1. Introduction

Compared with those of adults, pediatric thyroid nodules have molecular and pathological peculiarities that promoted the development of unique pediatric guidelines [1,2,3]. The prevalence of ultrasound-detected thyroid nodules varies from 0.5% [4] to 1.6% [5] in the child population. Although pediatric thyroid nodules are uncommon, they need high clinical expertise and alert since they carry a greater risk of malignancy compared with those presenting in adults (22–26% versus 5–10%) [1,6,7]. Moreover, children with thyroid cancer are more likely than adults to have cervical lymph node metastases, extrathyroidal extension, and pulmonary metastases at the time of diagnosis, as well as persistence/recurrence of disease [1].
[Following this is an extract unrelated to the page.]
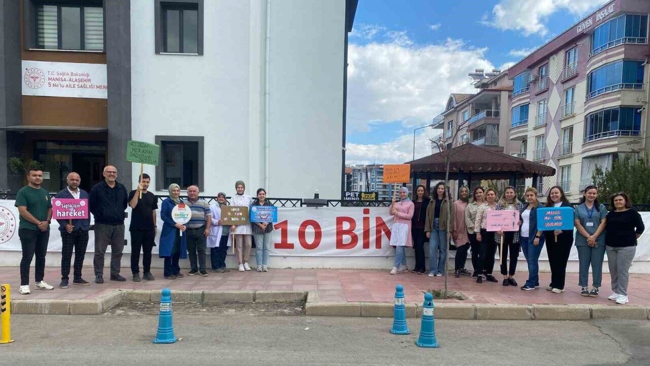 Manisa’nın Alaşehir ilçesinde İlçe Sağlık Müdürlüğü personelleri, "Dünya Yürüyüş Günü" kapsamında farkındalık oluşturmak amacıyla kurum önünde dövizlerle toplanarak etkinlik düzenledi.

Neck ultrasound (nUS) is the cornerstone of the clinical management of thyroid nodule in pediatric patients, as well as adults [8,9,10,11,12]. According to the American Thyroid Association (ATA) guidelines [1], sonographic evaluation of thyroid nodules in children should be modeled on 2009 ATA guidelines for adults [13]. However, when exploring thyroid nodules at nUS in childhood, some peculiar aspects should be kept in mind: first, the fact that the size is a rather questionable parameter in children because thyroid volume changes with age; second, increased intranodular vascularity is apparently more common in malignant nodules; third, a diffusely infiltrative form of papillary thyroid cancer (PTC) is relatively frequent; fourth, the clinical context is of paramount importance when interpreting sonographic features [1,14,15].

US-based risk stratification systems (RSSs), often referred to as Thyroid Imaging Reporting and Data Systems (TIRADSs), have been developed to establish a standard lexicon to describe thyroid nodules, to associate nodules with a malignancy risk class, and to detect malignant nodules requiring fine-needle aspiration (FNA) [16]. RSSs mainly apply to PTC [17], since they have a lower performance in the detection of follicular thyroid carcinoma [18], medullary thyroid carcinoma [19,20], anaplastic thyroid carcinoma [21], and autonomously functioning thyroid nodules [22]. Moreover, RSSs have been extensively validated in the adult population [23], but not in children [24] and older adults [25]. Yet, the clinical context of patients is not considered in RSSs, and whether a patient’s age can modify their reliability is a matter of debate [25].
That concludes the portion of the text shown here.